We are a creative and energetic team at UT Southwestern Medical Center's Green Center for Reproductive Biology, and we are intensely focused on unraveling the functions of the non-coding genome. While this “dark matter” comprises the vast majority of mammalian genomes, our understanding of its function is only in its infancy. We know that it holds a wealth of regulatory information to precisely coordinate gene expression across all of an organism’s cell types. Underscoring their functional significance, most disease-associated loci are non-coding.
Still, our understanding of regulatory element function is largely anecdotal, and it is surprising how little we know given how proficient we have become at finding them. How do the millions of non-coding regulatory elements, including enhancers, promoters, insulators, and repressors, synergize to precisely control gene expression? How do genetic and epigenetic perturbations affect regulatory element function and contribute to disease? Can we build a predictive understanding of non-coding element function to learn rules of gene regulation? We explore these questions using a systems biology approach: developing and employing integrative techniques at the interface of gene regulation, epigenetics, functional genomics, and bioinformatics.
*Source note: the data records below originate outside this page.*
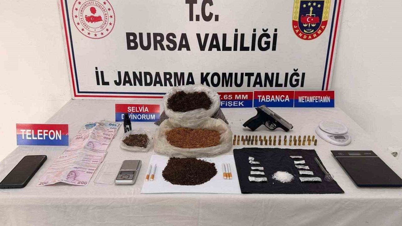 Edinilen bilgiye göre, Bursa İl Jandarma Komutanlığı ekiplerince 6 Ocak 2026 tarihinde gerçekleştirilen operasyonda, bir şahsın ikametinde arama yapıldı. Yapılan aramalarda, 1 kilo sentetik kannabinoid maddesi emdirilmiş A.M. maddesi, 18 gram metamfetamin, 30 gram Salvia Divinorum, 32 gram likit A.M. maddesi, 3 hassas terazi, 1 ruhsatsız tabanca, 37 adet 7.65 milimetre çapında fişek, 8 bin 300 TL nakit para ile 1 cep telefonu ele geçirildi. Operasyonda gözaltına alınan A.K.A. (50) hakkında adli işlem başlatıldı.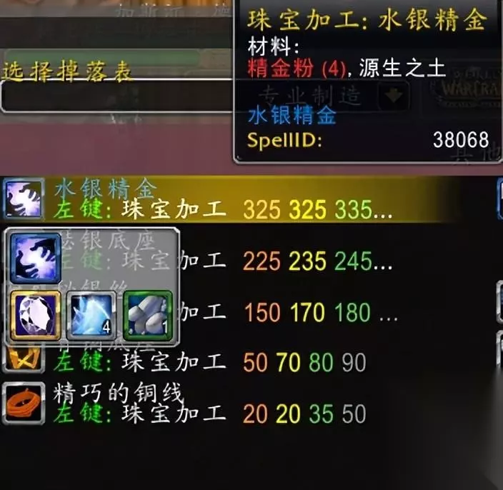 第一个水银精金:这个东西由源生之土和4个精金粉合成,精金粉是通过珠宝加工选矿分解出的一个材料,每5个精金矿石可以产出一个精金粉,和蓝色以下的珠宝宝石,到了p5阶段由于太阳之井会新出很多制造业的装备,其中项链和戒指部位需要大量的精金粉,所以如果是珠宝加工的,完全可以准备几个自己用。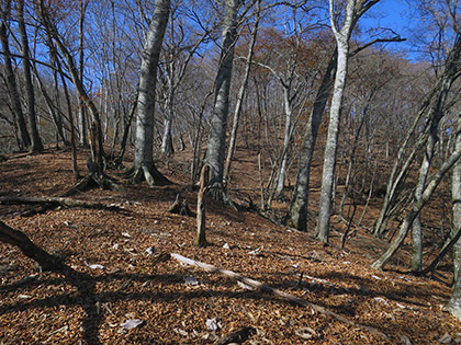 四間小屋窪左岸尾根を登ります。こんな雰囲気の尾根がしばらく続きます。勾配もほとんど変化しません。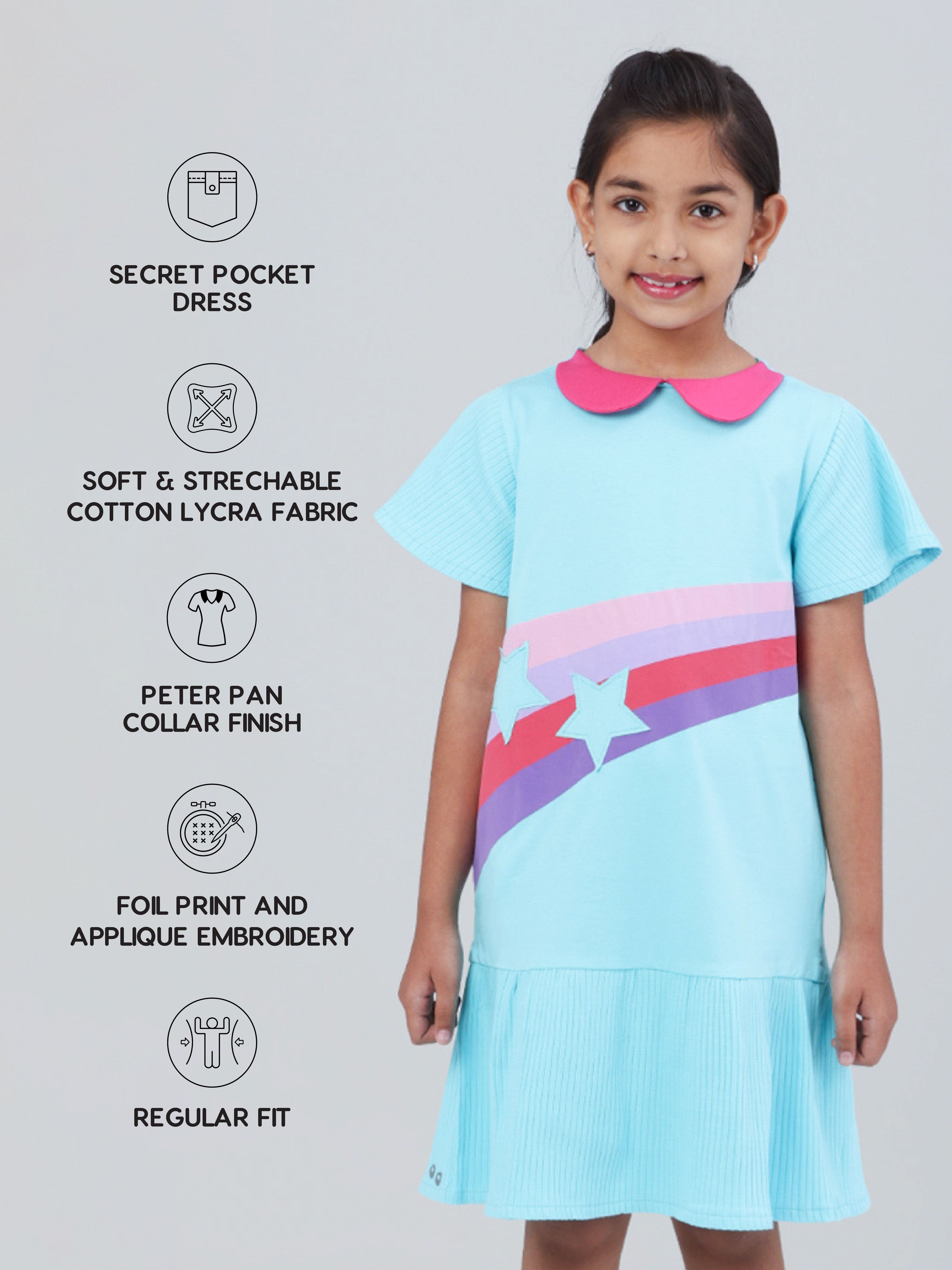 The Pilolo Rainbow Dreams Dress is a magical and whimsical addition to your little girl's wardrobe. This soft cotton blue dress is designed for all the little ones who dream of touching the stars and chasing rainbows. It features star motifs and a playful hem, making it a perfect choice for girls aged 4-9 who love to dream big and explore the world of imagination. As with all Pilolo garments, this dress includes our signature pocket, perfect for carrying tiny treasures and keeping them safe. Hidden inside is a surprise gift, making the Rainbow Dreams Dress even more special and exciting for your child. Crafted from a premium fabric blend of 95% cotton and 5% elastane, this dress is soft, breathable, and incredibly comfortable. The fabric is gentle on the skin, ensuring your child can move freely and comfortably throughout the day. Whether you're looking for a dreamy outfit for a day out, something special for a party, or a unique gift, the Pilolo Rainbow Dreams Dress fits the bill. It also makes a perfect gift for birthdays, holidays, or any special occasion. Note: For the right fit, please refer to the size chart as sizes may vary from brand to brand.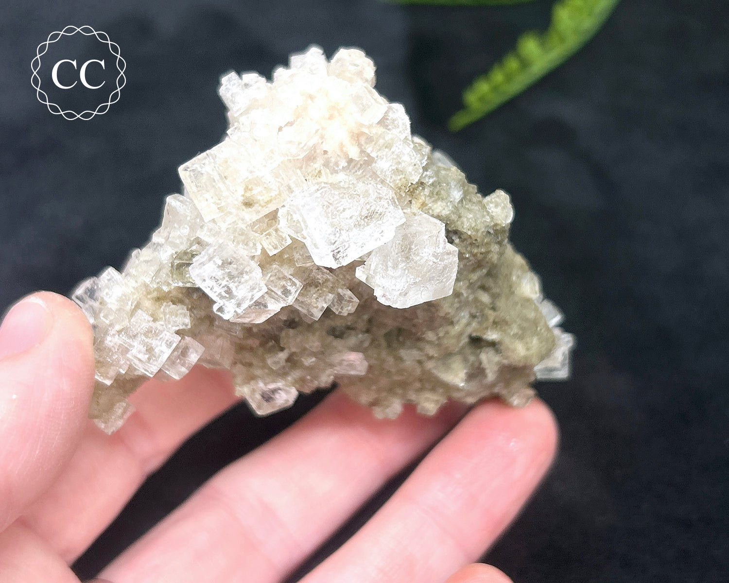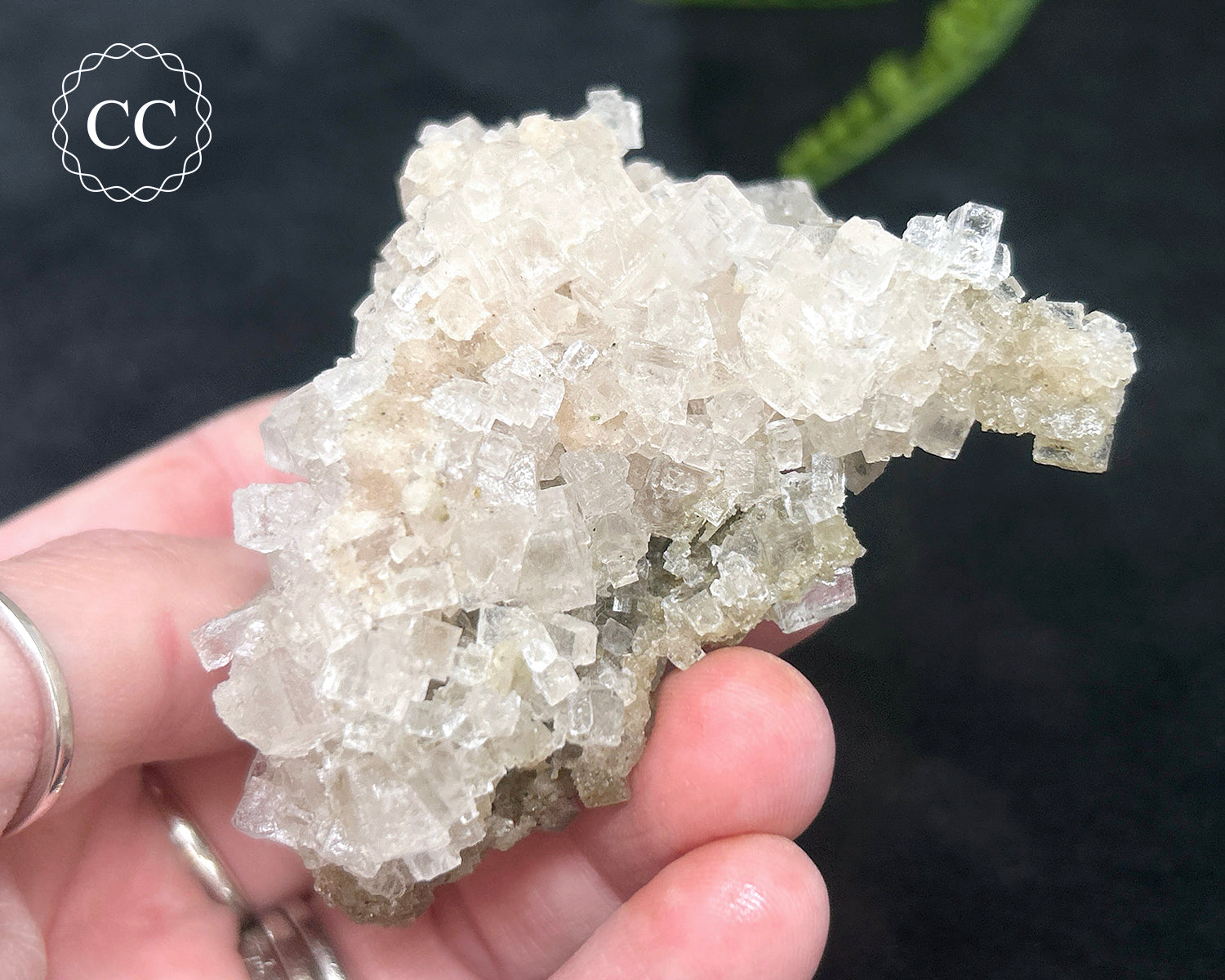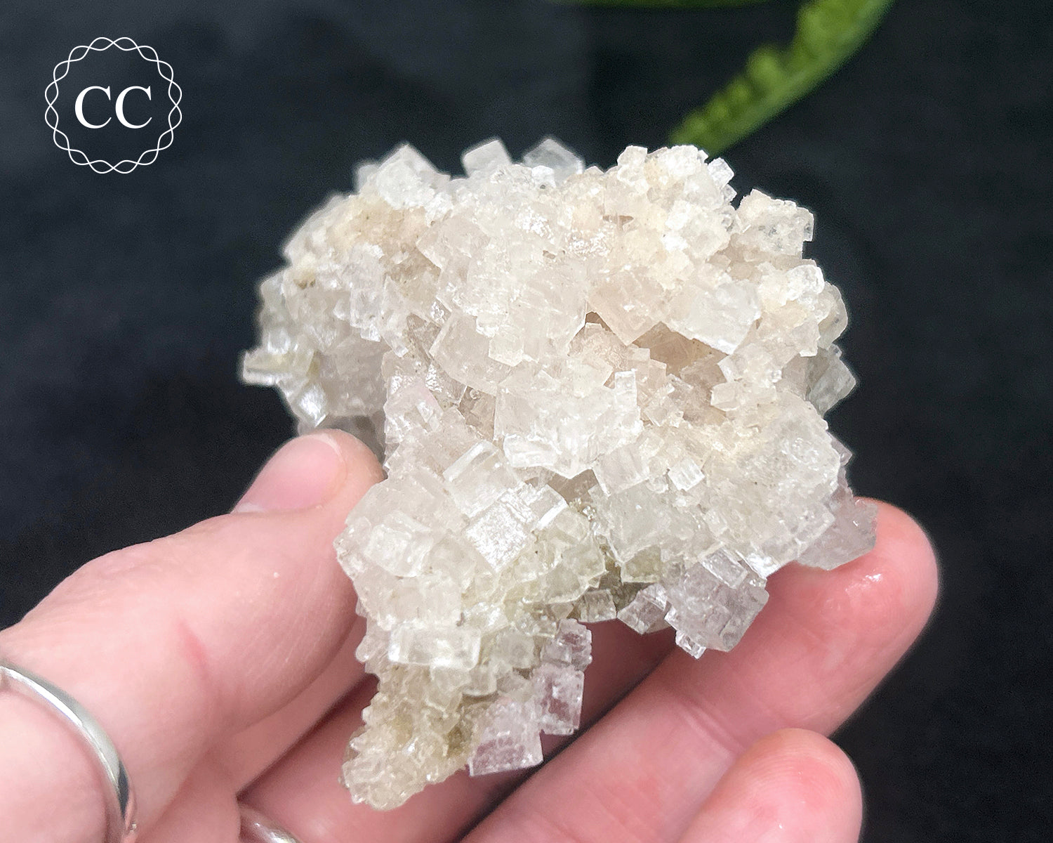This sweet Halite cluster specimen is from California. This cluster is sensitive to damp and humid environments so keep dry. You will receive the exact Halite crystal pictured.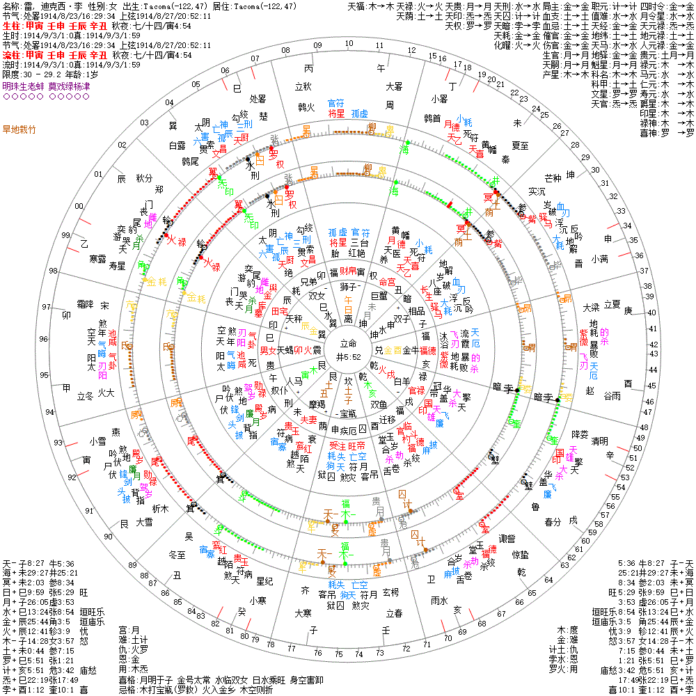 大运:辛未10 庚午20 己巳30 戊辰40 丁卯50 丙寅60 乙丑70 甲子80 癸亥90 壬戌100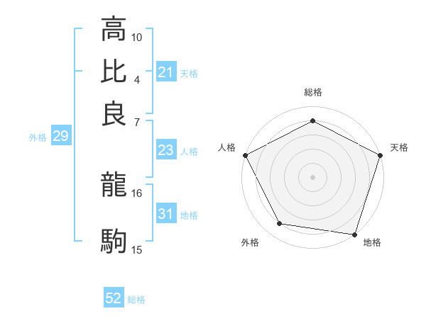 高比良 龍駒さんを姓名の画数から五運を鑑定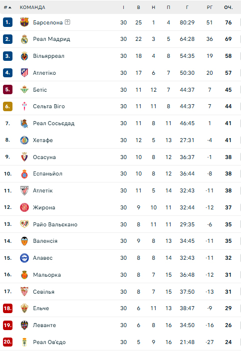 Турнірна таблиця Ла Ліги: на якому місці Жирона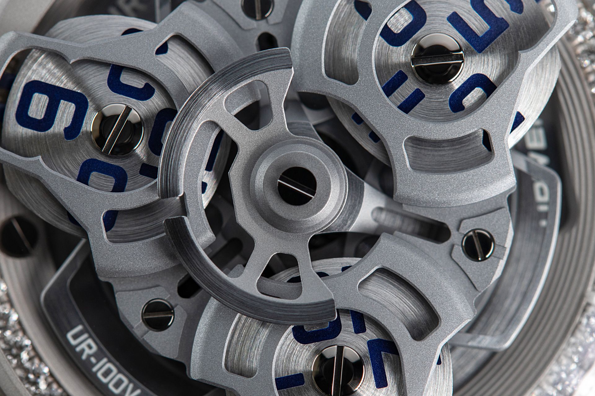 ภายในตัวเรือนนาฬิกาที่บรรจุกลไกไขลานอัตโนมัติ UR 12.02 เดินด้วยความถี่ 28,800 ครั้งต่อชั่วโมง สามารถสะสมพลังงานได้นาน 48 ชั่วโมง โดยนาฬิกา UR-100V Stardust มาพร้อมสายผ้าสีน้ำเงิน Bultimore พร้อมตัวล็อคสายแบบหัวเข็มขัด Stainelss Steel ขัดแต่งผิวด้วยเทคนิค Blasted ประดับด้วยเพชรน้ำงามเจียระไนแบบเหลี่ยม 22 เม็ด โดยนาฬิการุ่นนี้สามารถขึ้นผลิตเพียง 10 เรือนต่อปี เท่านั้น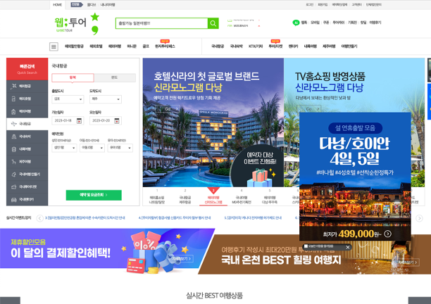 웹투어. 항공권, 국내숙박, 국내여행, 울릉도여행, KTX예약, 기차예약, 호텔예약, 제주도항공권, 제주렌트카 한 번에 해결!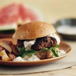 Using 2 teaspoons oil per batch, cook 4 patties at a time in a large nonstick skillet over medium heat until evenly browned and heated through, about 4 minutes per side. Meanwhile, split and toast buns, if using, to serve the burgers on. Garnish the burgers with watercress and the cheese sauce, if desired.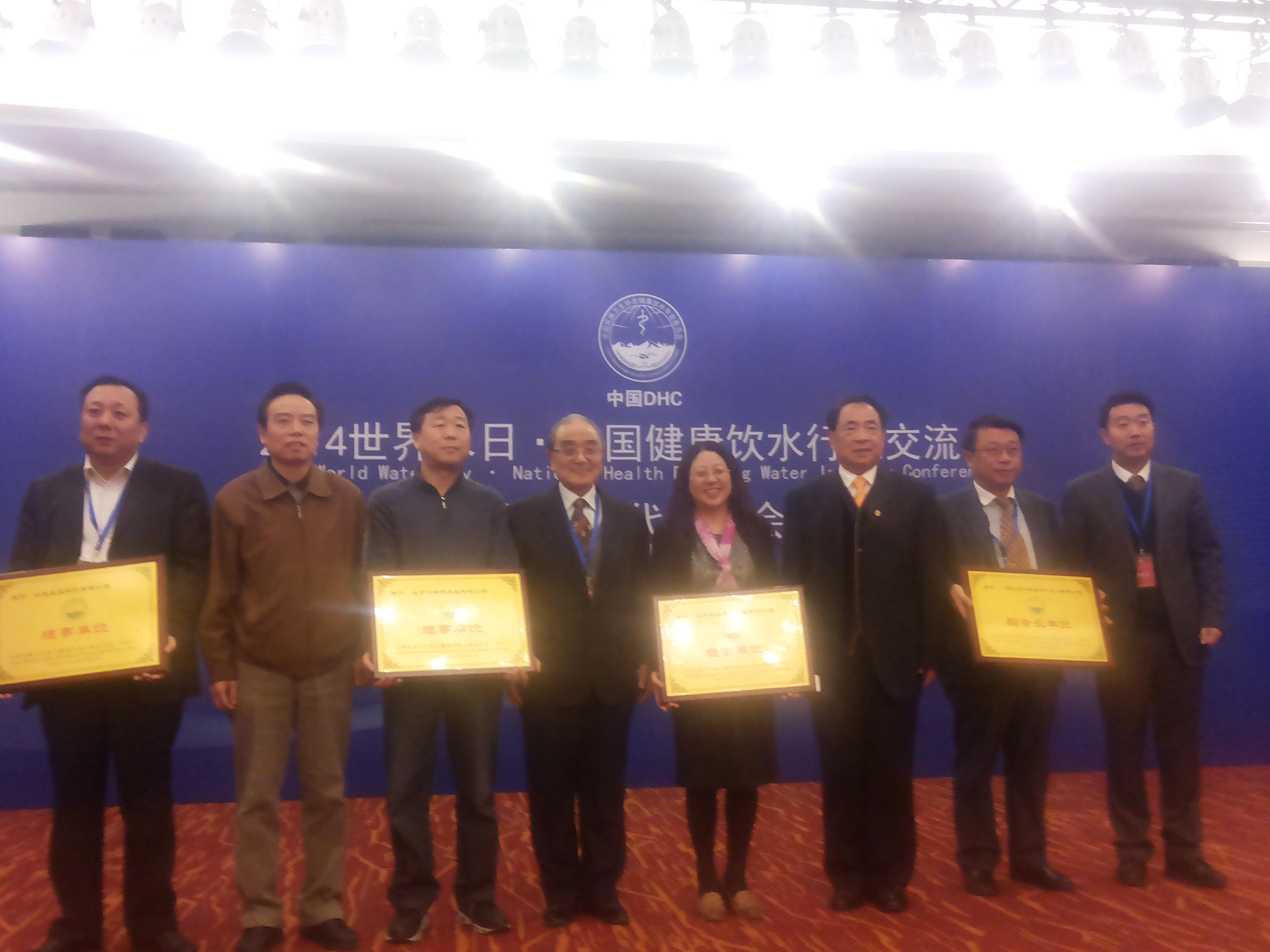 2014年(nián)3月22日,由中國(guó)民族衛生協會健康飲水專業委員會主辦的(de)2014世界水日—全國(guó)健康飲水行(xíng)業交流會暨會員代表大會在北(běi)京世紀金源大飯店順利召開。 會議開始時,首先由中國(guó)民族衛生協會常務副會長(cháng)兼秘書長(cháng),原中紀委、監察部駐衛生醫藥部門紀檢組 副組長(cháng)、監察局局長(cháng)郁德水緻辭并發表講話,并受民族衛生協會會長(cháng),全國(guó)政協常委、原國(guó)家民族事務委員會主任、中央統戰部副部長(cháng)李德洙的(de)委托,帶來了對本次會議順利召開的(de)祝賀。随後,健康飲水專業委員會會長(cháng)金日光,秘書長(cháng)馬錦亞依次發表講話,秘書長(cháng)馬錦亞還對健康飲水專業委員會2013年(nián)度的(de)工作做(zuò)出了工作總結及2014年(nián)度的(de)工作報告。北(běi)京愛生科(kē)技發展有(yǒu)限公司作為(wèi)健康飲水專業委員會的(de)理(lǐ)事會員接受了協會授予的(de)銅牌。張瓊總經理(lǐ)代表愛生公司上台領獎并與協會領導合影留念。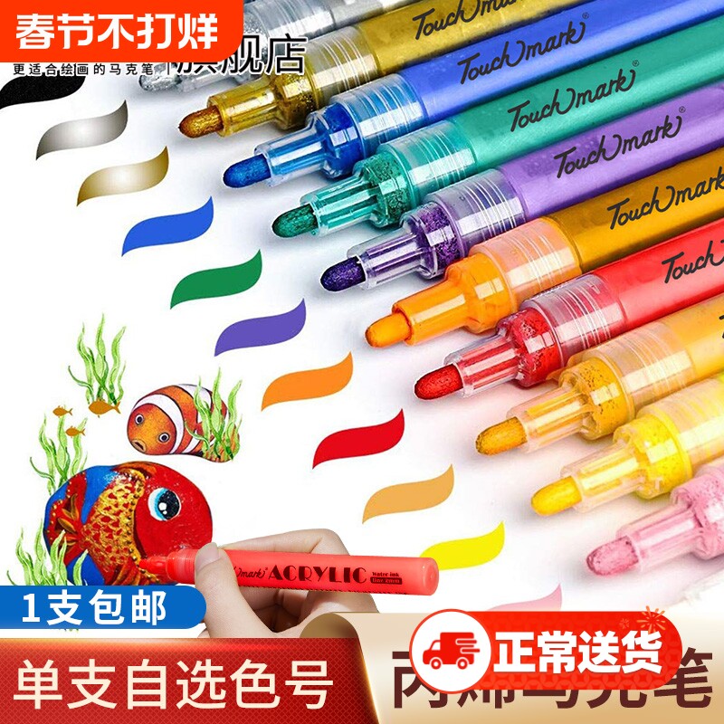 📚 丙烯马克笔touchmark单支拍立得丙烯笔白色颜料笔不掉色黑色涂鸦笔金色油漆笔学生专用0.7硬头笔红色粉色防水

Specifically, to provide a descriptive global view of gene regulation, we employ high throughput sequencing assays to interrogate the epigenome, identify regulatory elements, and probe the three-dimensional interactions of these elements with target genes. In parallel, to derive predictive models, we are developing high throughput approaches using epigenome engineering to endogenously assay regulatory function. Through integrative bioinformatic analysis, we apply these predictive models to descriptive global data to address key questions of regulatory function in developmental and disease contexts.
Our eventual goal is to understand gene regulation in humans so well that we can 1) predict it and 2) engineer it for potential therapeutic benefit.